--add_tweettok
Switch
--add_tweettok
Description
Use Carnegie Mellon University's TweetNLP tokenizer to create a tokenized version of the message table.
Argument and Default Value
None
Details
This will create a table called TABLE_tweettok (where TABLE is specified by -t) in the database specified by -d. The message column in this new table is a list of tokens.
Example on one message
Original message:
"@antijokeapple: What do you call a Bee who is having a bad hair day?

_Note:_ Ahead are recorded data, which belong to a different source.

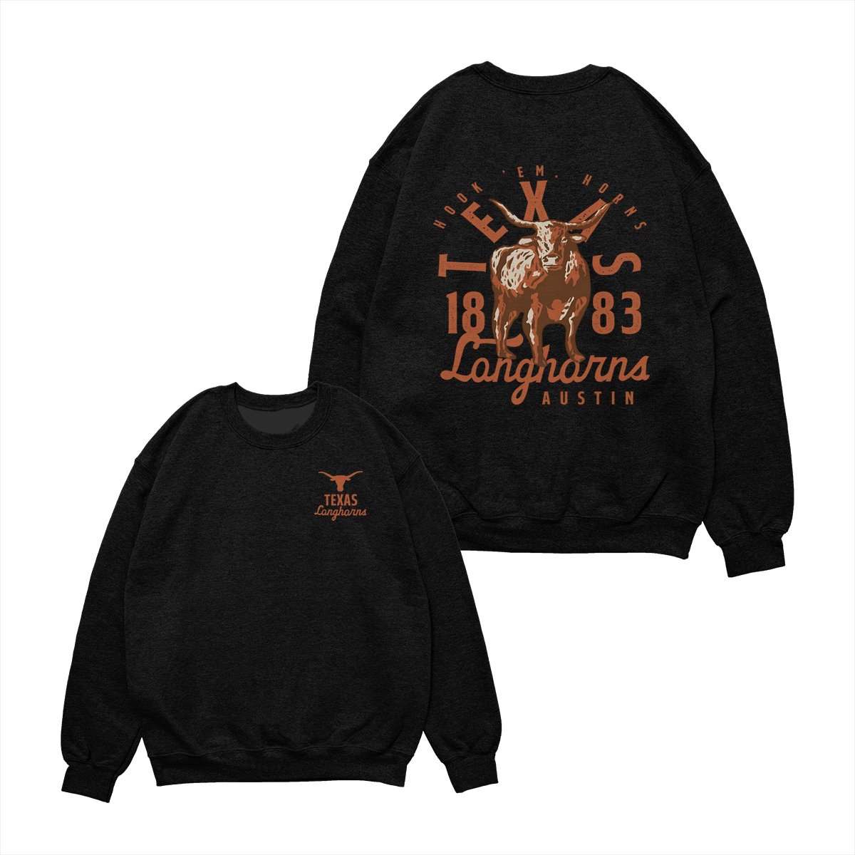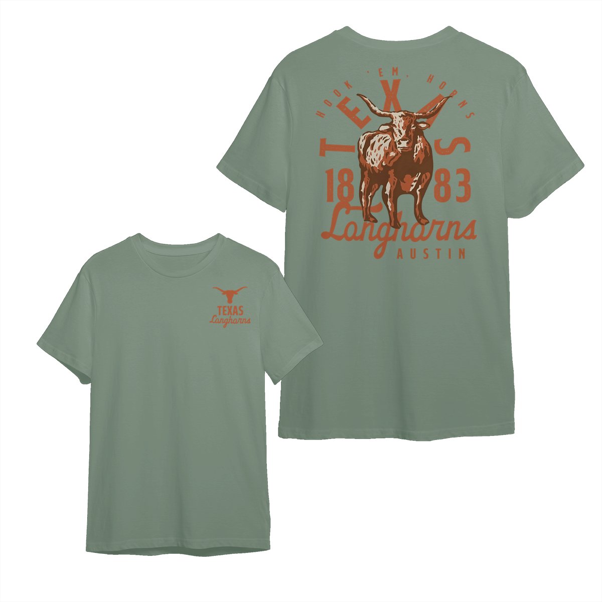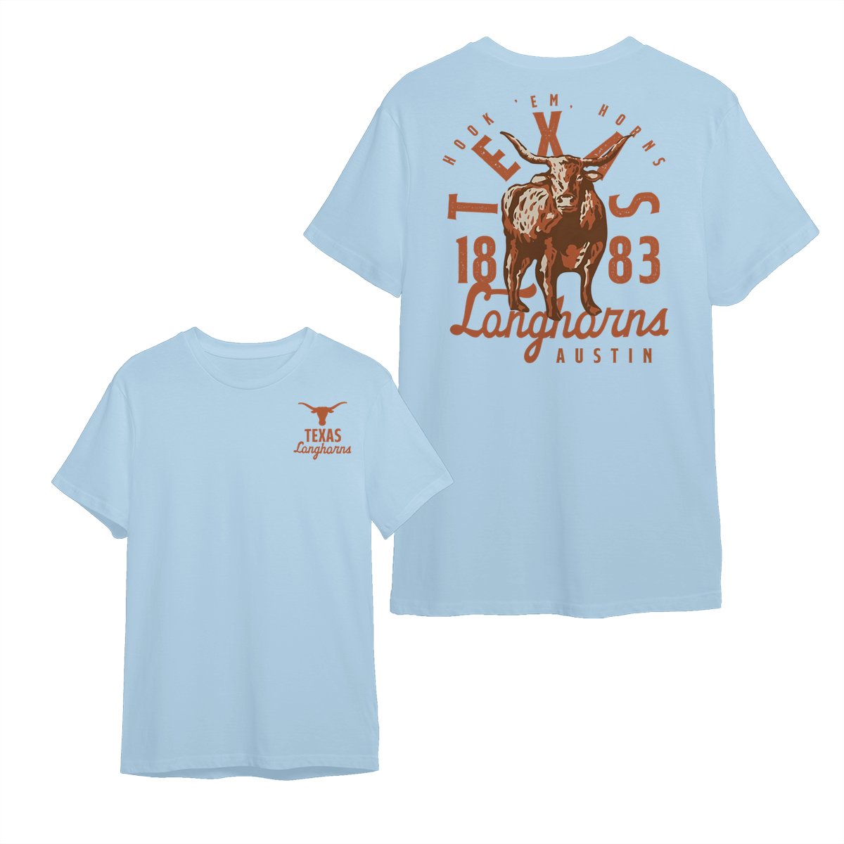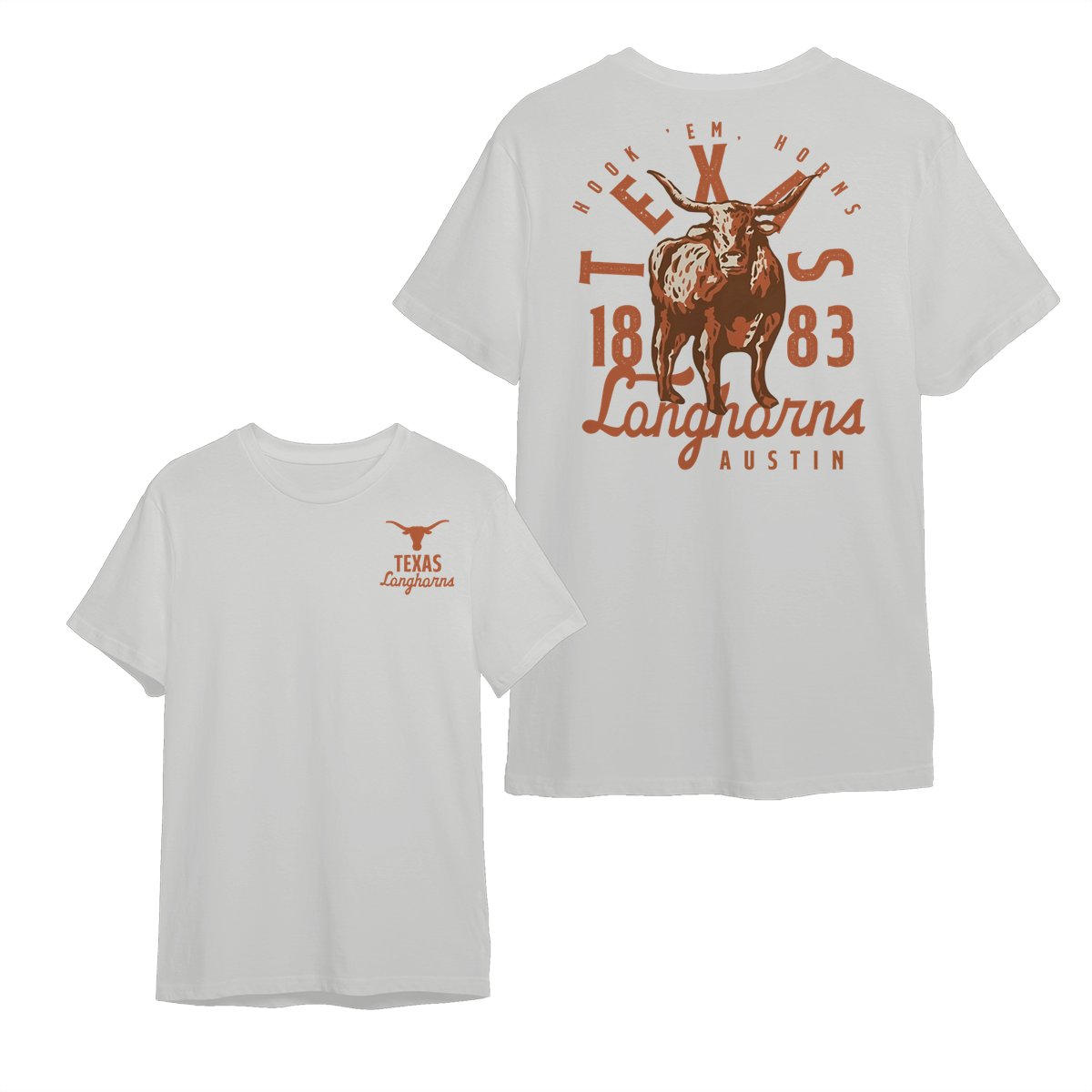 Texas Longhorns Team NCAA Graphic Mascot Overlay 2 Side T-Shirt, Vintage College Graphic Tee, Sport Fan Gift Shirt, Men’s Oversized Athletic Tshirt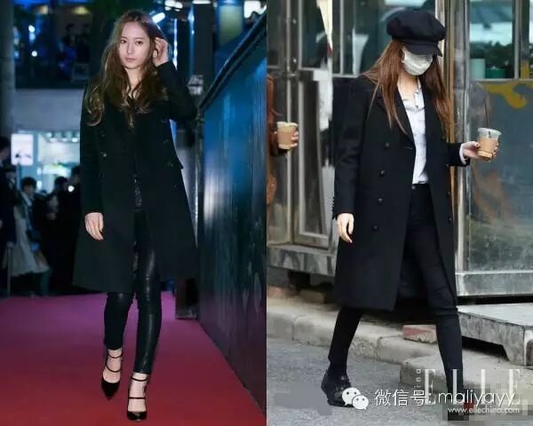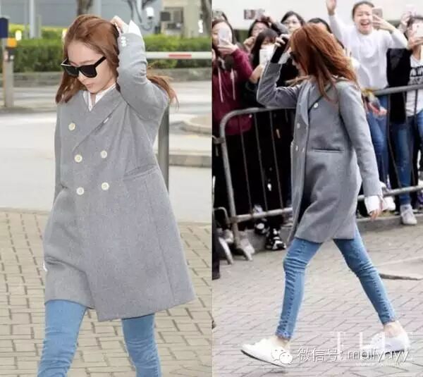 韩国的冬天比较寒冷,自然少不了挡风又保暖的长大衣相伴过冬!Krystal在穿着长大衣时,多用紧身牛仔裤和及踝短靴与它搭配。“上松下紧”的穿搭法则不仅能做到显瘦,贴身的牛仔裤款式还能提升下半身的保暖性!而且较长的大衣版型对大腿和臀部有肉肉的女生来说,也是“遮肉神器”,它能把你下身的缺点很好地隐藏起来。既然来不及减掉“秋膘”,不如将它好好藏起来吧!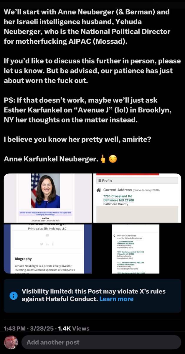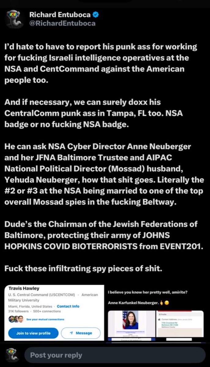 *PALANTIR UPDATE* 🚨Yeah, as it turns out, Ginkgo Bioworks (Palantir) was working directly with Johns Hopkins University AND the Chinese Communist Party during their joint Event 201 planning sessions this whole time. *Remember how Alvin Krongard, Michael Bloomberg and David Rubenstein run Johns Hopkins University, and that it’s a big front for Soviet Union Jewry terrorists like Avril Haines and Eric Schmidt, whose father has a Distinguished Professorship named after him at the JHU School of Advanced International Studies (SAIS)? *And how it was the JHU SAIS who created the “there was no virus” horseshit that dozens of “TwitterX COVID truthooors” push on this god-forsaken platform in order to ATTEMPT to absolve Johns Hopkins University, Stanford University, UC-Berkeley, Duke University, Columbia University, UNC-Chapel Hill, UPenn and the Jewish Federations of North America (UJA/Mossad) of being CLEARLY guilty of bioterrorism and genocide? Because if there’s NO VIRUS, there’s NO MURDER WEAPON in the form of an ETHNICALLY-CALIBRATED SARS-COV-2 CORONAVIRUS that was deliberately CREATED, RELEASED AND COVERED UP BY JEWS and the CCP, amirite? 🚨“Event 201 — Let’s war-game the COVID bioweapon we’re about to release against Whites who we blame for the HoLoCaUsT but never bothered to say ‘thank you’ for their having sacrificed TENS OF MILLIONS OF THEIR LIVES to save us from Big Bad Mr. H because ‘NeVeR aGaIn Is NoW!’ and stuff.” 🚨And THEN they “dropped the ball” by covering up HCQ efficacy and hiding Remdesivir’s efficacy. 🚨But oddly enough, they didn’t have ANY problems with their CHINESE BUSINESS PARTNERS across the pond SWITCHING FROM using CLEARLY TOXIC REMDESIVIR to USING CLEARLY EFFECTIVE HCQ TO TREAT COVID WITH INCREDIBLE SUCCESS. No, no… that’s just NOT ACCEPTABLE for the HUNDREDS OF MILLIONS OF WHITE, NON-JEW AMERICANS. We couldn’t POSSIBLY have that, amirite? Fa***ts. Enjoy your downfall. We will.🖕 🚨PS: Thank God JHU is in Baltimore, because we could all go visit JHU and NSA Cyber Director Anne Neuberger AND her husband, AIPAC National Political Director and Trustee of JFNA Baltimore, without having to make multiple trips to various cities. I think we should do that, but only AFTER we’ve doxxed everyone involved. Hell, we could even stop by 17th Street and visit Dorothy Tananbaum (UJA) and Jacob Baime (AIPAC) over at ICC and discuss the coordinated doxx/destroy livelihoods operation they have running with Liora Rez, Adam Milstein, Unit 8200, Canary Mission, Shirion Collective, AwesomeJew, Friends of the IDF and AG Pam Bondi to protect the aforementioned heinous fa***ts above without even having to leave the Beltway.

A Frisbee." Hahah.
Tokenized message:
["\"", "@antijokeapple", ":", "What", "do", "you", "call", "a", "Bee", "who", "is", "having", "a", "bad", "hair", "day", "?", "A", "Frisbee", ".", "\"", "Hahah", "."]
Other Switches
Required Switches:
Example Commands
# creates the table msgs_tweettok
./dlatkInterface.py -d dla_tutorial -t msgs -c message_id --add_tweettok
mysql> select message from msgs_tweettok limit 1;
+--------------------------------------------------------------------------------------------------------------------------------------------------------------------------------------------------------------------------------------------------------------------------------------------------------------------+
| message |
+--------------------------------------------------------------------------------------------------------------------------------------------------------------------------------------------------------------------------------------------------------------------------------------------------------------------+
| ["can", "you", "believe", "it", "??", "my", "mom", "wouln't", "let", "me", "go", "out", "on", "my", "b'day", "...", "i", "was", "really", "really", "mad", "at", "her", ".", "still", "am", ".", "but", "i", "got", "more", "presents", "from", "my", "friends", "this", "year", ".", "so", "thats", "great", "."] |
+--------------------------------------------------------------------------------------------------------------------------------------------------------------------------------------------------------------------------------------------------------------------------------------------------------------------+